A Deeper Systemic Failure:

To interpret the video simply as youthful misbehaviour is to overlook the profound societal fractures that made such conduct possible. This incident is emblematic of a much broader systemic breakdown, an ecosystem in which the family, school, community, and national value structures are weakened simultaneously.

Guyana’s social architecture is displaying unmistakable signs of strain:

  • Diminishing parental oversight and weakened home discipline.
  • Under-resourced schools lacking adequate psychosocial support.
  • Communities struggling to transmit values across generations.
  • Teachers operating within environments of declining respect and authority.
  • Youth exposed to unfiltered global influences without counterbalancing moral frameworks.

The behaviour of the students therefore should not be viewed in isolation. It reflects the cumulative impact of social neglect, absent leadership, inadequate youth mentorship, and a cultural environment increasingly shaped by social media rather than by responsible societal guidance.

Leadership and the Obligation to Confront Reality:

The government’s preoccupation with physical development, while understandable in a resource-rich emerging nation, cannot obscure the pressing social realities unfolding at the grassroots level. Leadership requires more than economic management or infrastructural execution, it demands moral stewardship and the courage to confront uncomfortable truths.

Guyana urgently requires a comprehensive moral and civic-education framework; a strategic expansion of school-based counsellors, youth-development specialists, and behavioural-health support personnel; and community-driven programmes that reinforce discipline, respect, and constructive behaviour. These investments are not optional, they are essential for a society experiencing rapid transformation and widening generational gaps.

A failure to respond decisively will widen the divide between material progress and moral decline, pushing the country toward an unsustainable trajectory.

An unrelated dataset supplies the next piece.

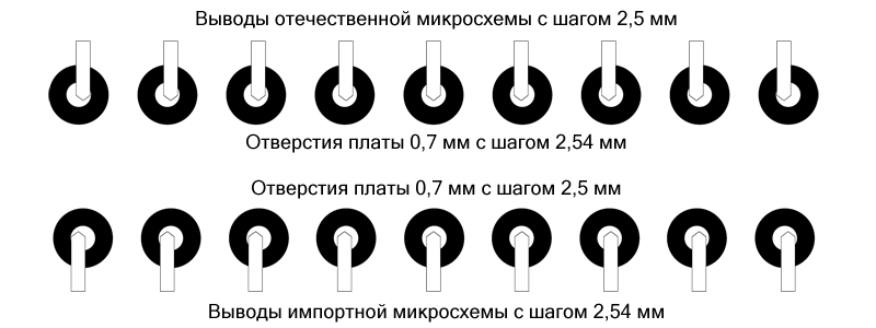 маленько неточный совет. У стандарта DIP шаг выводов в 0,1 дюйма (2,54 миллиметра). совки делали естественно наоборот

The Viral Video as a National Warning:

The widespread circulation of the video should be interpreted not merely as an expression of public outrage but as a definitive national warning. It signals the urgent need for introspection and action. The behaviour depicted is symptomatic of an environment where supervision is scarce, boundaries are unclear, and young people are left to navigate a complex cultural landscape without adequate support.

Guyana’s response must be deliberate, comprehensive, and grounded in long-term vision. The nation must commit to:

  • Reestablishing moral and civic instruction across all levels of schooling.
  • Equipping teachers and administrators with support systems that address behavioural and emotional challenges.
  • Strengthening parental education programmes to rebuild the family as the primary moral unit.
  • Enhancing community oversight, recreational alternatives, and constructive youth engagement.
  • Reinforcing national values, discipline, respect, responsibility, and integrity, across institutions and media.

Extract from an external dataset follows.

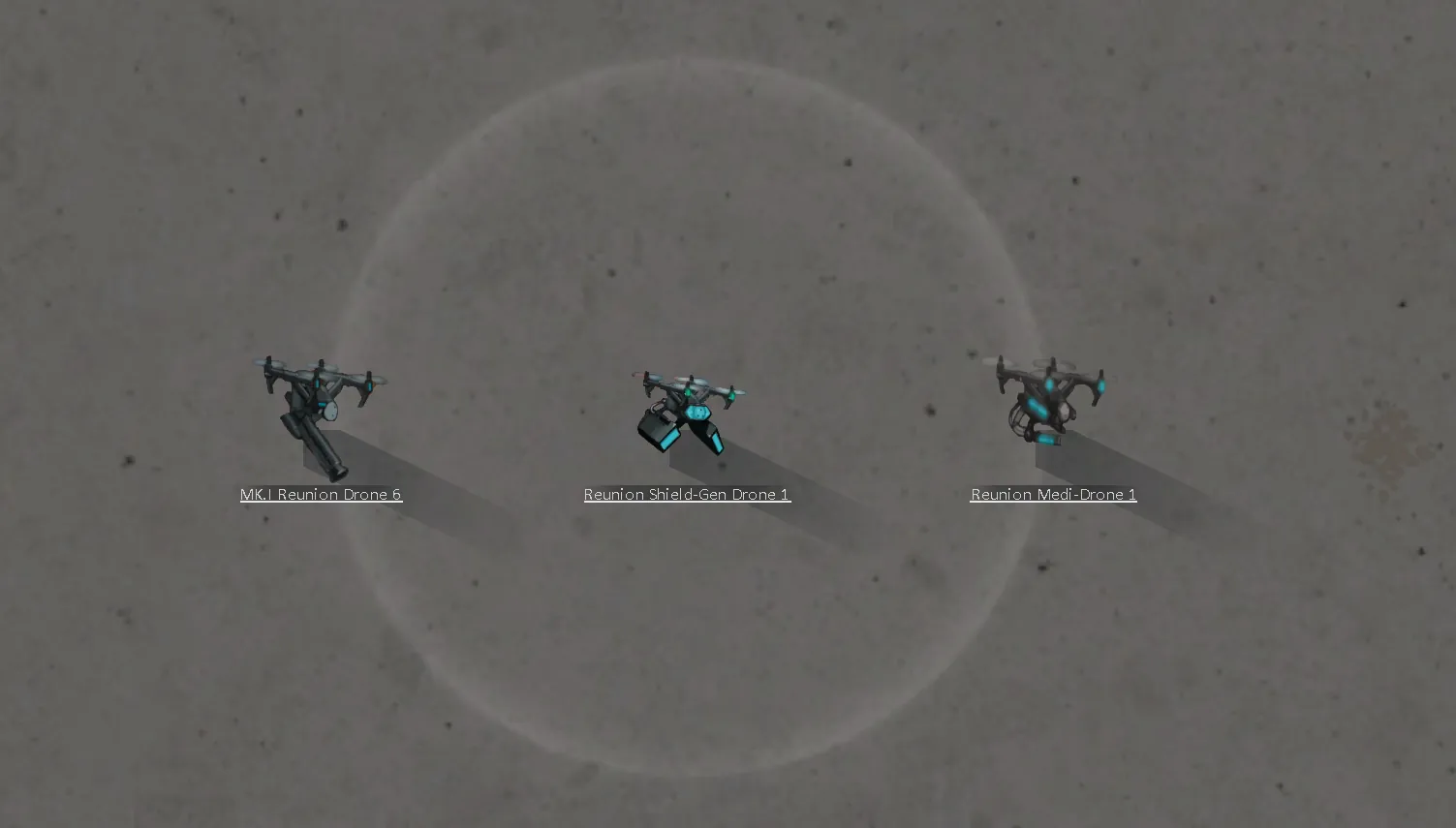 -Reunion Shield-Gen Drone, Drone that projects a lowshield around itself to protect those in the perimeter of the dome, this drone is unlocked after completing the standard mechtech research and can be crafted at a mech gestator. Costs 1 bandwidth.

If these interventions are not implemented with urgency, incidents like the one in the viral video may become increasingly frequent and increasingly severe.

Conclusion: The Measure of a Nation:

The measure of a nation is not found in the scale of its oil reserves, the height of its buildings, or the size of its annual budget. Rather, it is reflected in the character, discipline, and ethical orientation of its people, particularly its emerging generation.

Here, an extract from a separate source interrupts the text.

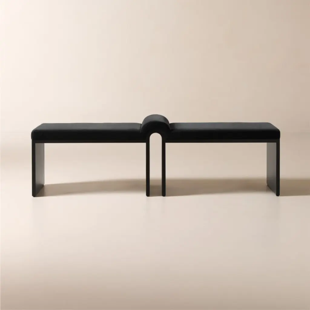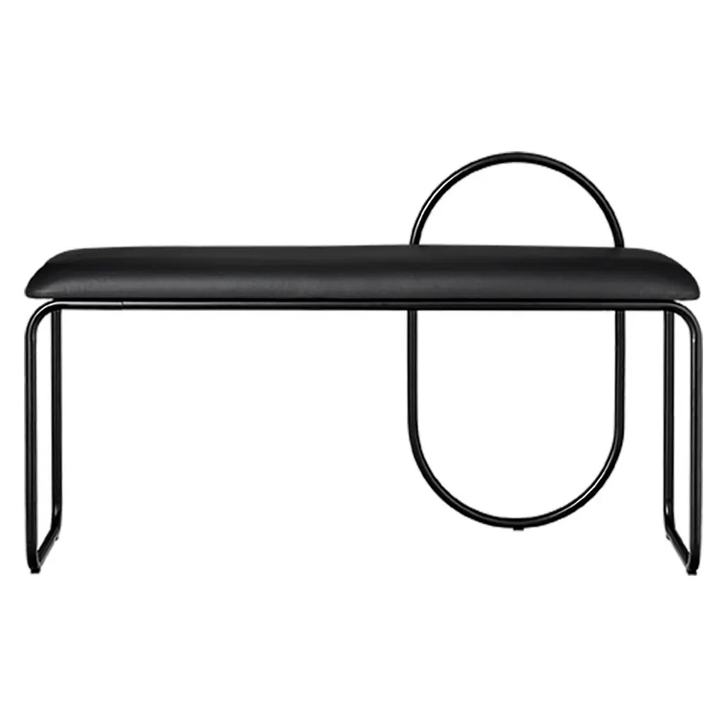 Black leather Minimalist benchDimensions: L 110 x W 39 x H 68 cmMaterials: Black leather, steelThe collection includes benches, chairs, shelves and mirrors in a wide variety of sizes.

The viral video is therefore not an isolated affront to public decency; it is a mirror held up to the nation’s face, revealing the consequences of neglecting the moral and social infrastructure essential to national stability. Ignoring this warning would constitute an act of national irresponsibility. Confronting it, honestly, strategically, and with conviction, offers the only viable path forward.

Guyana stands at a crossroads: continue admiring superficial progress, or confront the deeper moral decay threatening to undermine every achievement. The future will depend on the choice made now.